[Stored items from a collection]
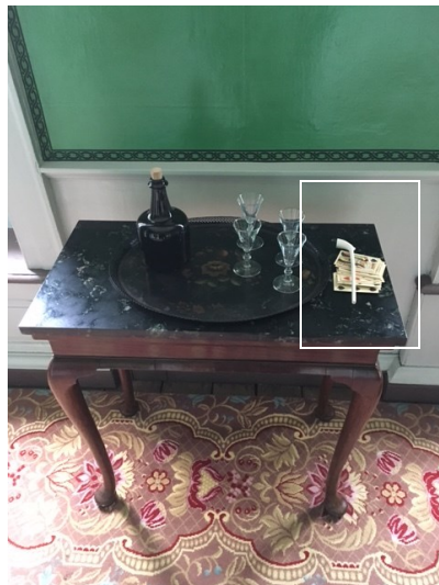
Cards and pipe in parlor.
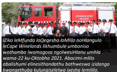
Iziko leMfundo loQeqesho loMlilo noHlangulo leCape Winelands likhumbule umboniso wothambo lwamagosa ngolwesiHlanu umhla wama-22 ku-Oktobha 2021. Abacimi-mlilo abalishumi elinesithandathu bathweswa izidanga kwangethuba kulungiselelwa ixesha lemililo.
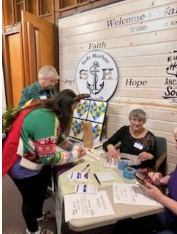
Buying tickets for raffles
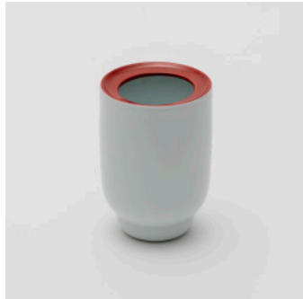
PN: PD/028 Name: Flower Vase S Color: Red/White/White Size: φ105 H150 Price: ¥6,600
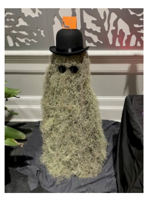
"Cousin Itt was a Hitt"
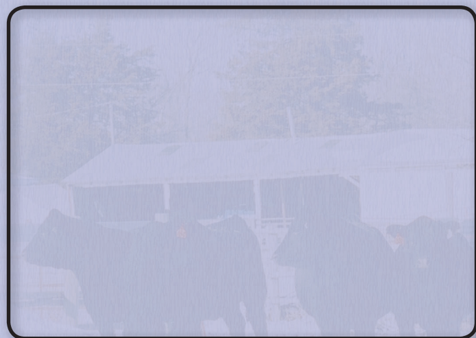
BIG SKY DOCUMENT 14D

## Assignment
Nothing but an exact copy belongs in the answer: the lines from the top of the records through the line containing "Buying tickets for raffles", minus the pictures.

## Reply
Cards and pipe in parlor.
Iziko leMfundo loQeqesho loMlilo noHlangulo leCape Winelands likhumbule umboniso wothambo lwamagosa ngolwesiHlanu umhla wama-22 ku-Oktobha 2021. Abacimi-mlilo abalishumi elinesithandathu bathweswa izidanga kwangethuba kulungiselelwa ixesha lemililo.
Buying tickets for raffles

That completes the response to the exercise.